Bismillahirrahmanirrahim

Allah’u Teala’nın bir hikmeti ve takdiridir ki, Peygamber Efendimizin sas iki torunundan biri olan Hazreti Hüseyin
(Radıyallahu anh) Efendimiz de aşure gününde şehit edilmiş ve Kerbela olayı vuku bulmuştur.

Ancak Muharrem ayının bu önemli günü nedense Hazreti Hüseyin’in şehid edilmesine bağlayıp, matem günü olarak anmak ülkemizde de yaygın hale getirilmeye çalışılıyor.


 Peygamber Efendimiz sas Musa Aleyhisselam’ın Firavun’un şerrinden kurtulması nedeni ile Muharremin 10. gününe ayrıca önem vermiş, Ramazan orucu farz olana kadar bu günde oruç tutulmuş. Hatta Yahudiler de bu gün oruç tutuyor diye, onlara muhalefet olması için bir gün öncesinin veya sonrasının da tutulmasını emretmiştir.

Bütün bunlardan anlaşılıyor ki, bu gün bir matem ve yas günü değildir.
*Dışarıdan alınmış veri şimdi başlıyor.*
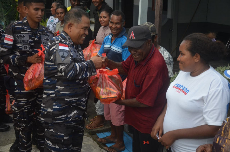 Tidak berhenti pada pembinaan satuan, Dankodaeral X juga menebarkan kasih dan kepedulian bagi masyarakat sekitar. Sebanyak 75 paket sembako diserahkan langsung kepada masyarakat Orang Asli Papua (OAP) di Kampung Samabusa wujud nyata kepedulian TNI AL untuk meringankan beban ekonomi dan mempererat jalinan kebersamaan antara prajurit dan rakyat.

Zaten İslam’da 3 günden fazla yas yoktur.


Şimdi kısa bir şekilde Hz.Hüseyin'in ra hayatına bakıp "Kerbela Olayı" nı anlamaya çalışalım inşallah.

Hz.Hüseyin ra ,Hz. Peygamber (s.a.s)'in Hz. Fatıma (r.anha)'dan torunu, Hz. Ali ve Hz. Fatıma'nın ikinci oğludur. Hicretin dördüncü yılı Şaban ayının beşinde dünyaya geldi.

Hz. Hüseyin, Hz. Peygamber (s.a.s)'e çok benziyordu. Hz. Ali (r.a) "Hasan, Rasûlüllah'a göğsünden başına kadar olan kısmında, Hüseyin de bundan aşağı olan kısmında çok benzerdi" (Ahmed b. Hanbel Müsned, 1, 108) demişlerdir.

Hz. Peygamber (s.a.s) Hz. Hasan ve Hz. Hüseyin (r.a)'a son derece düşkün olup onları çok severdi. Onların hakkında,

"Allah'ım: Ben, bunları seviyorum. Sen de sev bunları" (Tirmîzî Sünen V, 661)
buyurmuştur.

"Hasan ve Hüseyin'i seven, beni sevmiş, onlara kin tutan da bana kin tutmuştur" (Ahmed b. Hanbel, Müsned, II, 288);

Peygamber Efendimiz (s.a.s) Hz. Hasan ve Hz. Hüseyin'in gönüllerince oynayıp eğlenmeleri için onlara eşlik eder, bir çocuk gibi onlarla oynardı. Hz. Hüseyin ra, Rasûlüllah (s.a.s)'dan deve olmalarını istediklerinde hemen yere eğilir ve onları mübarek sırtına alırdı. Arkasından da "Bundan güzel deve olabilir mi?" buyururlardı.

Peygamber Efendimiz sas, bir gün, cenazelerin konulduğu yerde oturuyordu. Hz. Hasan ile Hz. Hüseyin ranhum , güreşmeye başladılar. Peygamber Efendimiz sas gülerek "Ha gayret Hasan; Göreyim seni, yakala Hüseyin'i!" diyerek Hz. Hasan'ı kayırınca, Hz. Ali: "Yâ Rasûlüllah: Sen Hüseyin'i kayırmalı değil miydin? Hasan daha büyüktür" dedi. Peygamberimiz "Baksana Cebrail'de, Hüseyin'e: (Ha gayret Hüseyin göreyim seni) diyor." buyurdu (Zehebî, Siyer Alâmü'n-Nübelâ, 111, s. 190-191).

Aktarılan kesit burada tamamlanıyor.